Different servers in cluster might have a clock skew, and therefore between different shards or even between different collections the time stamps are not guaranteed to be comparable. The Hybrid Logical Clock feature does one thing to address this issue: Whenever a message is sent from a node in cluster to another node, it is ensured that any timestamp taken on second node after the message has arrived is greater than any timestamp taken on first node before the message was sent.

The above ensures that if there is some causality between events on different servers, time stamps increase from cause to effect. A direct consequence of this is that sometimes a server has to take timestamps that seem to come from the future of its own clock. It will however still produce ever increasing timestamps. If the clock skew is small, then your timestamps will relatively accurately describe the time when the document revision was actually written.

GDN uses 64bit unsigned integer values to maintain document revisions internally. At this stage we intentionally do not document the exact format of the revision values.
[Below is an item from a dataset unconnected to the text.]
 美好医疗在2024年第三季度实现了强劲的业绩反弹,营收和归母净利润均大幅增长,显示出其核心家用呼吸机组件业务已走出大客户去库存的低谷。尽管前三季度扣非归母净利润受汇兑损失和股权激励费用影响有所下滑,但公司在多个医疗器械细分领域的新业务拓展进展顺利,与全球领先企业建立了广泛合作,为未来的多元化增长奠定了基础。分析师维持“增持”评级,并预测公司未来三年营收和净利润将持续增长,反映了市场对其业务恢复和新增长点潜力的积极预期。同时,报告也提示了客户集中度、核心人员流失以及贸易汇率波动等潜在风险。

When returning document revisions to clients, C8 will put them into a string to ensure the revision is not clipped by clients that do not support big integers.

Note

The _rev attribute can be used as a pre-condition for queries, to avoid lost update situations. That is, if a client fetches a document from the server, modifies it locally (but with the _rev attribute untouched) and sends it back to the server to update the document, but meanwhile the document was changed by another operation, then the revisions do not match anymore and the operation is cancelled by the server. Without this mechanism, the client would accidentally overwrite changes made to the document without knowing about it.
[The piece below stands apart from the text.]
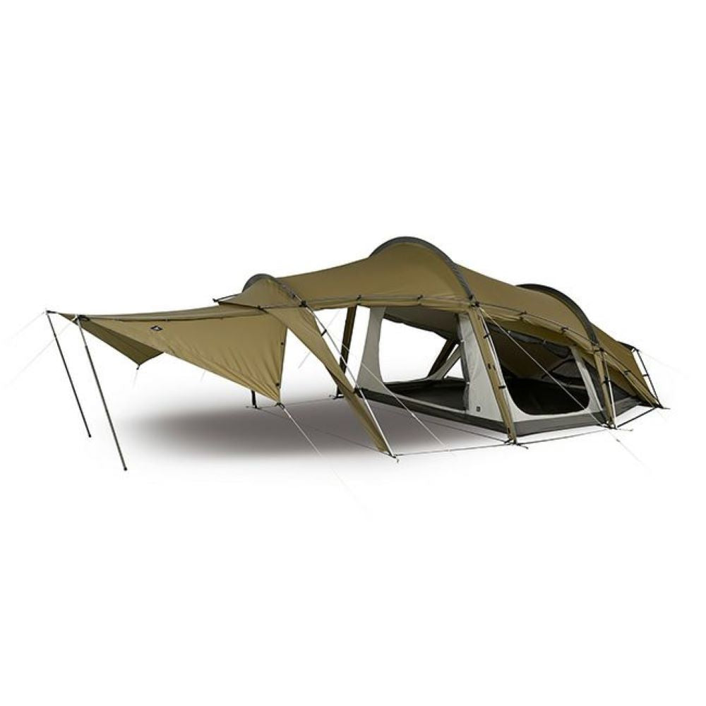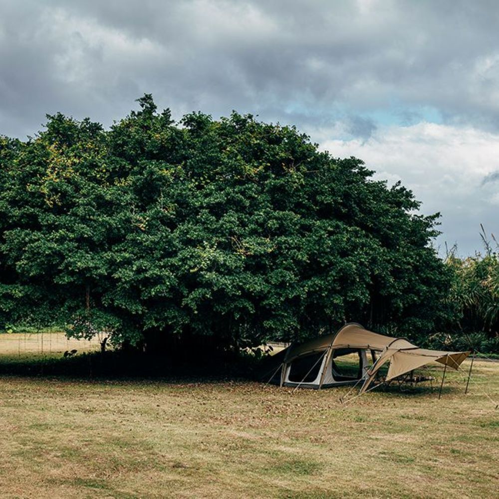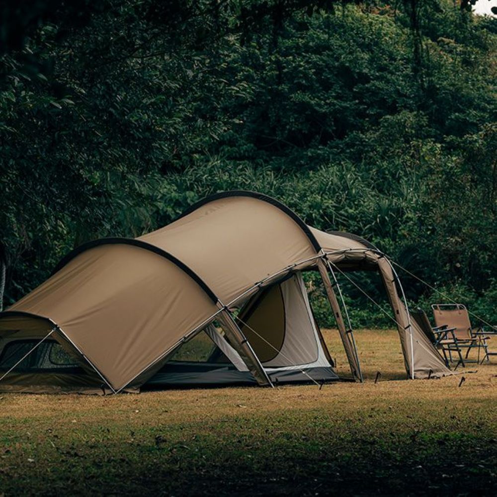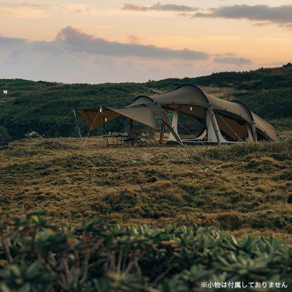 大開口のサイドパネルと、5パターンに可変するフロントパネルを備えたハイスペックテント。

In order to find a particular revision of a document, you need the document handle or key, and the document revision.

Multiple Documents in Single call:

The basic document API has been designed to handle not only single documents but multiple documents in a single command. This is crucial for performance, in that it reduces the overhead of individual network round trips between the client and the server.

The general idea to perform multiple document operations in a single command is to use JSON arrays of objects in the place of a single document. As a consequence, document keys, handles and revisions for preconditions have to be supplied embedded in the individual documents given. Multiple document operations are restricted to a single document or edge collection.
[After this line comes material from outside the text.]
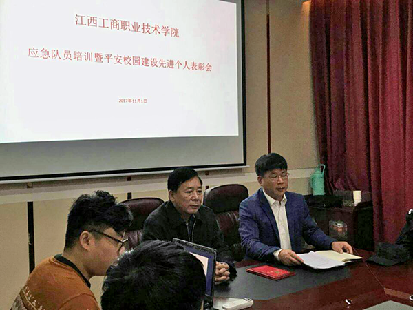 2017年11月1日在行政樓第一會(huì)議室,學(xué)院召開了應(yīng)急隊(duì)員培訓(xùn)暨平安校園建設(shè)先進(jìn)個(gè)人表彰會(huì),全體應(yīng)急隊(duì)員參加了這次會(huì)議,學(xué)院黨委副書記、副院長傅江海出席了會(huì)議并講話。

Working with Monetary Data:

Applications that handle monetary data often require to capture fractional units of currency and need to emulate decimal rounding without precision loss. Compared to relational databases, JSON does not support arbitrary precision out-of-the-box but there are suitable workarounds.

There are two ways to handle monetary data:

  • Monetary data as integer: If you store data as integer, decimals can be avoided by using a general scale factor, eg. 100 making 19.99 to 1999. This solution will work for digits of up to (excluding) 253 without precision loss. Calculations can then be done on the server side.

  • Monetary data as string: If you only want to store and retrieve monetary data you can do so without any precision loss by storing this data as string. However, when using strings for monetary data values it will not be possible to do calculations on them on the server. Calculations have to happen in application logic that is capable of doing arithmetic on string-encoded integers.

Data Retrieval:

Queries are used to filter documents based on certain criteria, to compute new data, as well as to manipulate or delete existing documents. Queries can be as simple as a "query by example" or as complex as "joins" using many collections or traversing graph structures. They are written in the C8 Query Language (C8QL).

Cursors are used to iterate over the result of queries, so that you get easily processable batches instead of one big hunk.

Indexes are used to speed up searches. There are various types of indexes, such as Persistent Indexes, TTL indexes, Search indexes and geo indexes.

Graph model

In GDN, you can turn your documents into graph structures for semantic queries with nodes, edges and properties to represent and store data. A key concept of the system is the idea of a graph, which directly relates data items in the database.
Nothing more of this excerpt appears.